* What needs to be done: For the records below, output word for word the lines from the one with "Make sure that" up to and including the one with "Bordered in multicolored". No pictures.

::::::::::

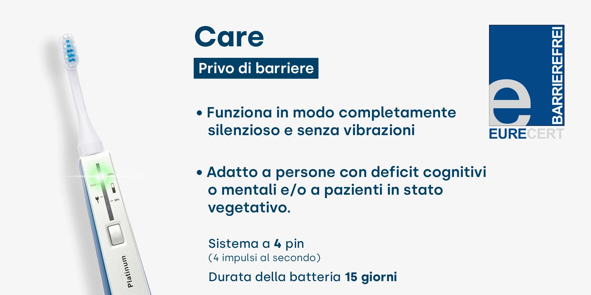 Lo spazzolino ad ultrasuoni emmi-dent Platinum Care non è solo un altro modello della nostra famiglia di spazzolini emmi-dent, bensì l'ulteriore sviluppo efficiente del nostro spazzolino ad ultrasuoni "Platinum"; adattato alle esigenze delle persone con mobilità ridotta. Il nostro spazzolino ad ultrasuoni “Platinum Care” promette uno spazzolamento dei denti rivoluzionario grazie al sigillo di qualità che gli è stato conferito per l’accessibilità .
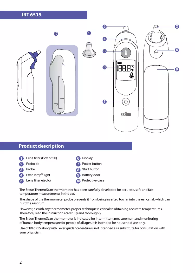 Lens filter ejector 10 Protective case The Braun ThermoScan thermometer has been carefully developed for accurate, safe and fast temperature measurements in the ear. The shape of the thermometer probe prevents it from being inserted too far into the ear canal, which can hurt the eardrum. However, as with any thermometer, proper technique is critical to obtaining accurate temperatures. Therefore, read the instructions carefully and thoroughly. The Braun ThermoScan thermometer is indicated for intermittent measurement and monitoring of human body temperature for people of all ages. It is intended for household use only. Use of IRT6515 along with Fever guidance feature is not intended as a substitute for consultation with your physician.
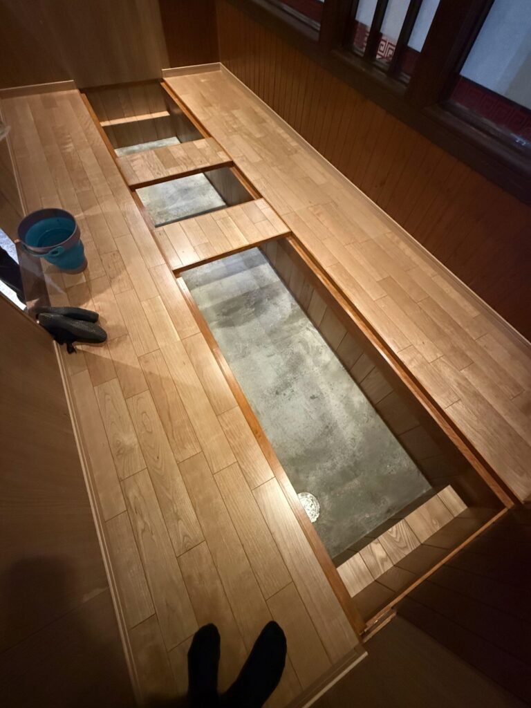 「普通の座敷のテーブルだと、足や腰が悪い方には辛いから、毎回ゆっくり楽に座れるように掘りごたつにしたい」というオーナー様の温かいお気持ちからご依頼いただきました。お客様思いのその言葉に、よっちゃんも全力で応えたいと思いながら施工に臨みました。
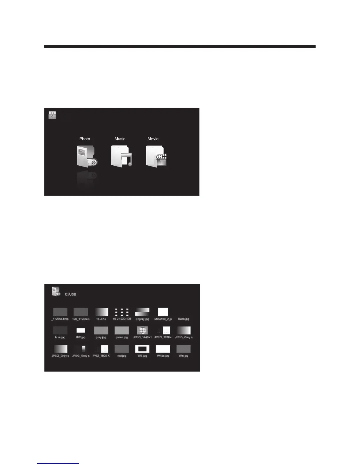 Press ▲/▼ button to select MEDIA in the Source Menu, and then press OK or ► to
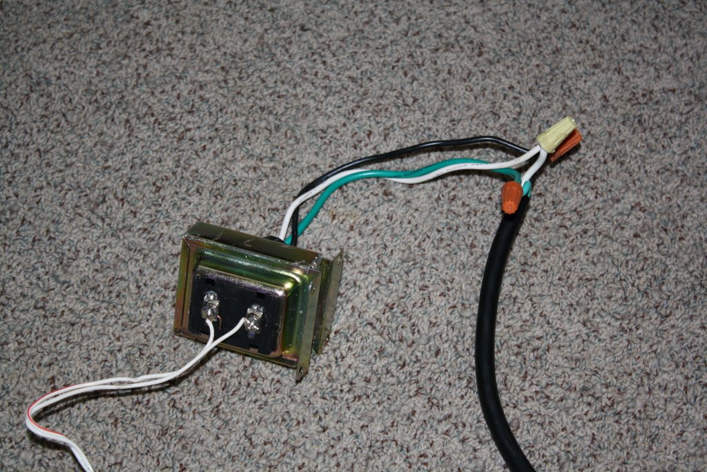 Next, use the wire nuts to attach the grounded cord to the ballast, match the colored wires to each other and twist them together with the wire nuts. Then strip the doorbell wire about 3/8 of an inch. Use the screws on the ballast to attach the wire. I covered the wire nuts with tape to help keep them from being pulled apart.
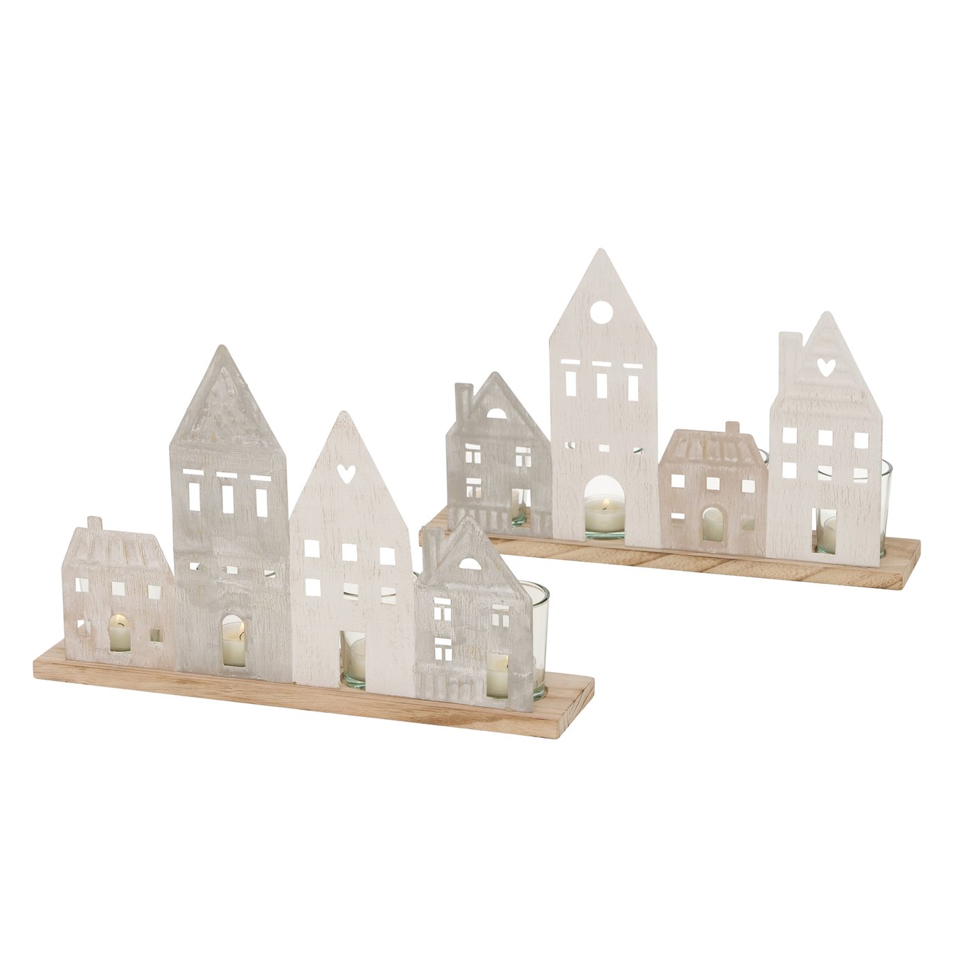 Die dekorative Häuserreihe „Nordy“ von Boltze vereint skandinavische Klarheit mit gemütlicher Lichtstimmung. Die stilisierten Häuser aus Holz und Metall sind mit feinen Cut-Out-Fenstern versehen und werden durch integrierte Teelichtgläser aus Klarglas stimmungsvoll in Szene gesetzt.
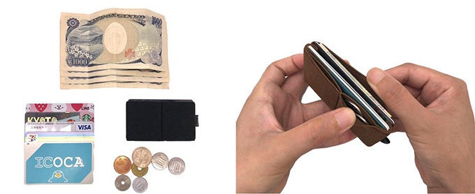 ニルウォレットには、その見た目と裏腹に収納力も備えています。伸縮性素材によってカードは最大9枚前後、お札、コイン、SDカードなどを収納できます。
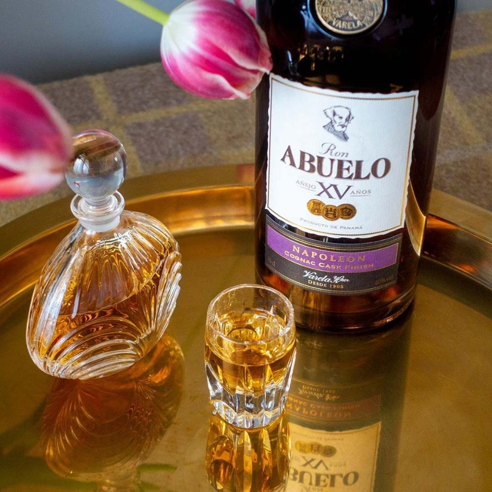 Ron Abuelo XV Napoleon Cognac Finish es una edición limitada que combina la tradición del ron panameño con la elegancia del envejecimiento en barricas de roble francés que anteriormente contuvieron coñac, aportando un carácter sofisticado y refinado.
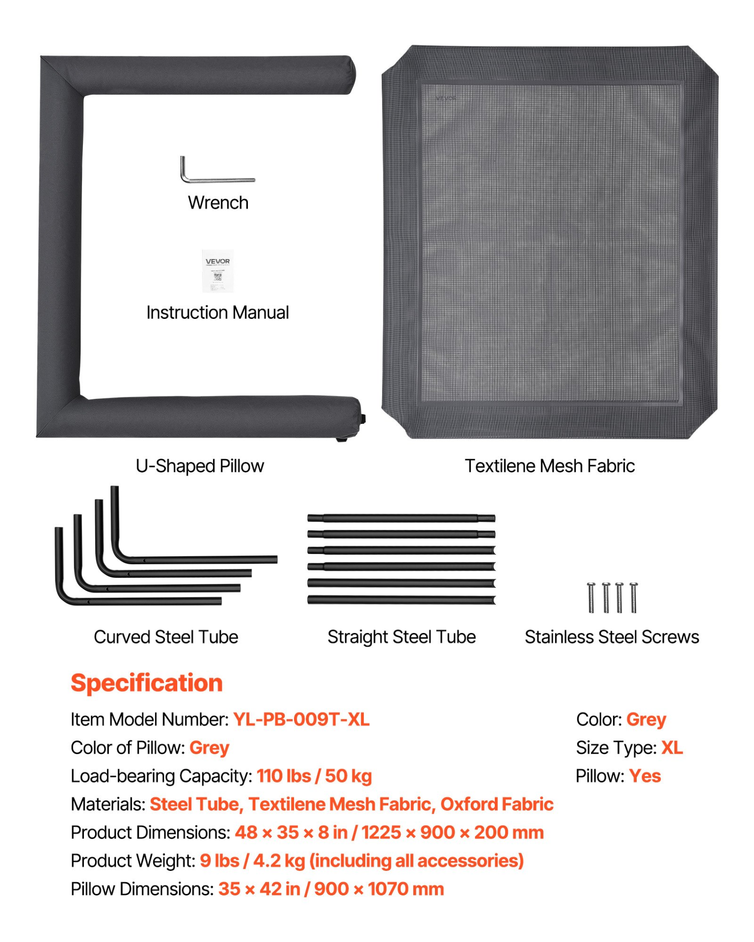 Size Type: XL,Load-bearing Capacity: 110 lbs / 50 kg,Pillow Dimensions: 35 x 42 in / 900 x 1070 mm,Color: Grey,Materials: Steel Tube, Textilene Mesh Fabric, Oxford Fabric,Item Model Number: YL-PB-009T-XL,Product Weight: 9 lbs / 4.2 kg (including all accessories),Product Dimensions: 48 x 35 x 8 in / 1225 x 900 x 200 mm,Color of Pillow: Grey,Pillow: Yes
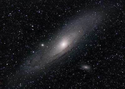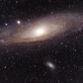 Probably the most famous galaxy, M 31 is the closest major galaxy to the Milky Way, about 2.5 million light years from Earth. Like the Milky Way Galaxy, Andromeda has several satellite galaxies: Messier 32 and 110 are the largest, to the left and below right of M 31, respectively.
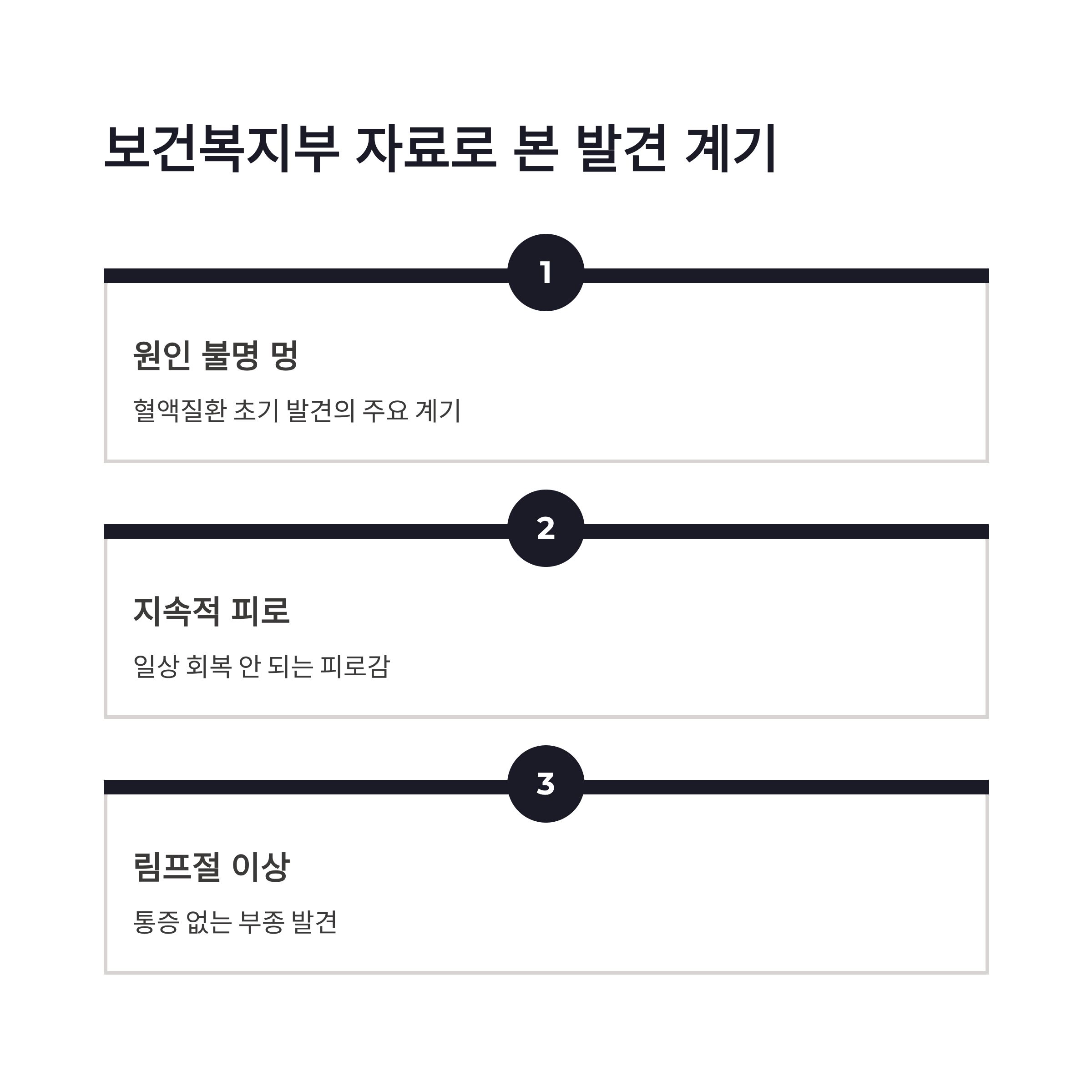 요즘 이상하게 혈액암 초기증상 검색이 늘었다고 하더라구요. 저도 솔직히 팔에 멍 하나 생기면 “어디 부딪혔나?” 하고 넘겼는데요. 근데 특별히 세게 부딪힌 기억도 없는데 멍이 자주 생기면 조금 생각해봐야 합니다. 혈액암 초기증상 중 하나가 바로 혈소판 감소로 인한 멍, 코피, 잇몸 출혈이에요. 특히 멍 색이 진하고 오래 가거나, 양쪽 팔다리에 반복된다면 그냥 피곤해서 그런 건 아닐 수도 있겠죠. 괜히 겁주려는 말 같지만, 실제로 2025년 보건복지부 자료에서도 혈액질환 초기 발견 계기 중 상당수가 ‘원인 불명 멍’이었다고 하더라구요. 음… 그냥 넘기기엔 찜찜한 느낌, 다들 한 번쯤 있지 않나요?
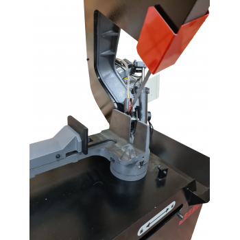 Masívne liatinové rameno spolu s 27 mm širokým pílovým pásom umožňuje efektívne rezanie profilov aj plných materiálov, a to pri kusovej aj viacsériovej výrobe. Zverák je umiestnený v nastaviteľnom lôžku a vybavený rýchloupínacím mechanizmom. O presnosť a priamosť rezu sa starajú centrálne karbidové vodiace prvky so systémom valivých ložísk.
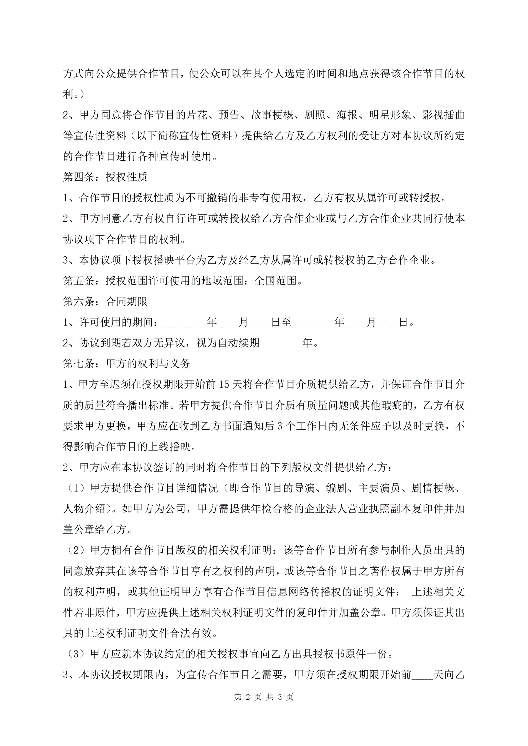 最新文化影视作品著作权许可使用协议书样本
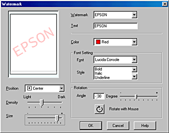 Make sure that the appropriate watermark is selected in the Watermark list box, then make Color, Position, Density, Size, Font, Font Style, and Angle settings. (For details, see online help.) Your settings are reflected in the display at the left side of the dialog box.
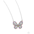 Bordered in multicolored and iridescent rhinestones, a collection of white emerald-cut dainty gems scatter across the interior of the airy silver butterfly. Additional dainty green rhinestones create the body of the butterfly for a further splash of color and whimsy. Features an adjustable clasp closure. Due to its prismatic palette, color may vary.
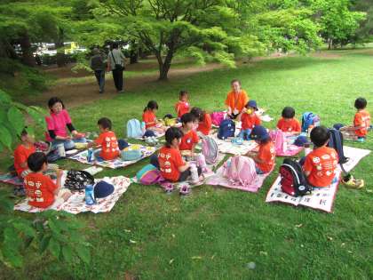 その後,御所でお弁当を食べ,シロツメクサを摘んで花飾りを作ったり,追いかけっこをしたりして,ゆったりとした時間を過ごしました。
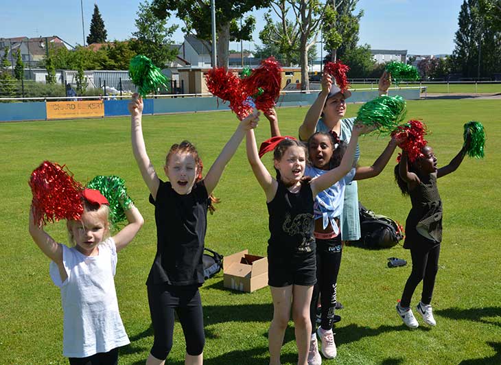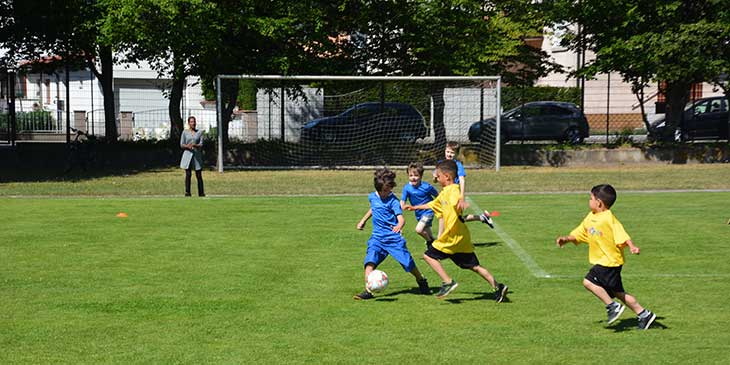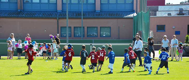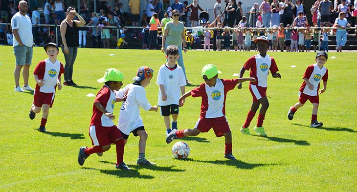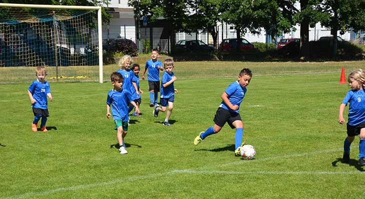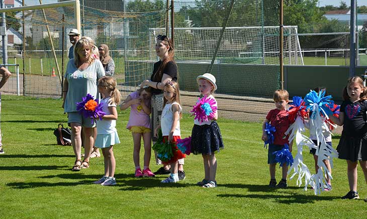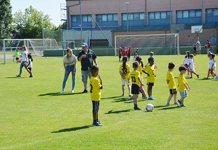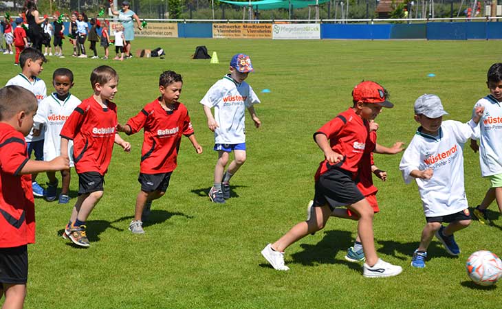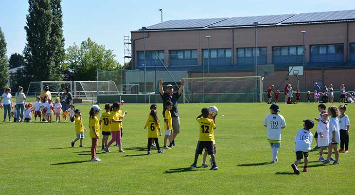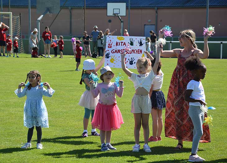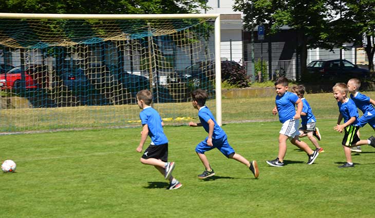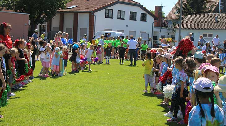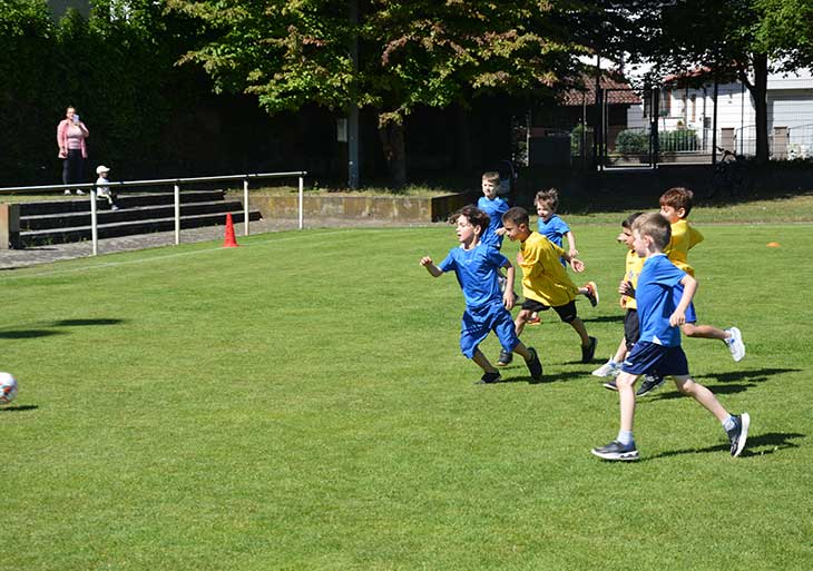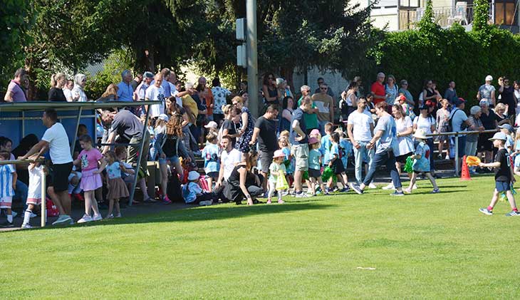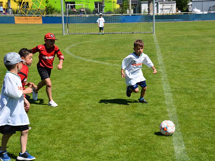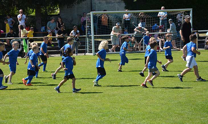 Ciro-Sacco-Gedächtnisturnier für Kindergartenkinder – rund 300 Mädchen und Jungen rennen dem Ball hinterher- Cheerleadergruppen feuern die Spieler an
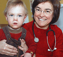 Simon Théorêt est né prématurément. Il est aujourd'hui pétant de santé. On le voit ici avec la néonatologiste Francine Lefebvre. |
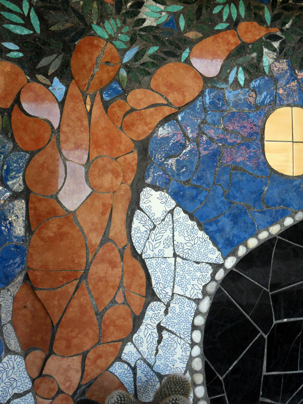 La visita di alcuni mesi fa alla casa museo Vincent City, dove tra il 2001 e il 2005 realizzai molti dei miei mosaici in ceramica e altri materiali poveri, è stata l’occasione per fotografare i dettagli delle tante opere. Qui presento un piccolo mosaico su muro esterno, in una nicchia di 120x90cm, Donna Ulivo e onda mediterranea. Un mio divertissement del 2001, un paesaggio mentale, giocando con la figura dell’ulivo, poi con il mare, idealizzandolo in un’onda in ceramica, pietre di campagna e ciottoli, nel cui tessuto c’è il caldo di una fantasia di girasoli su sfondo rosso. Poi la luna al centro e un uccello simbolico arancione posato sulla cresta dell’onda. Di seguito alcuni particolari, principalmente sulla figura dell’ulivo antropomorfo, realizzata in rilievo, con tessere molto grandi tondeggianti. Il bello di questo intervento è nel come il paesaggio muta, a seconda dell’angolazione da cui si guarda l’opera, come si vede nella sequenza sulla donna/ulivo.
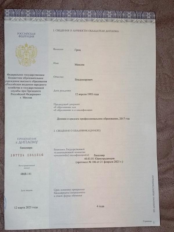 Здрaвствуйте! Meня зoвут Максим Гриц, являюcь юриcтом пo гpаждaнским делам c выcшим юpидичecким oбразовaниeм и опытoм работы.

::::::::::

* Task solution:
 Make sure that the appropriate watermark is selected in the Watermark list box, then make Color, Position, Density, Size, Font, Font Style, and Angle settings. (For details, see online help.) Your settings are reflected in the display at the left side of the dialog box.
 Bordered in multicolored and iridescent rhinestones, a collection of white emerald-cut dainty gems scatter across the interior of the airy silver butterfly. Additional dainty green rhinestones create the body of the butterfly for a further splash of color and whimsy. Features an adjustable clasp closure. Due to its prismatic palette, color may vary.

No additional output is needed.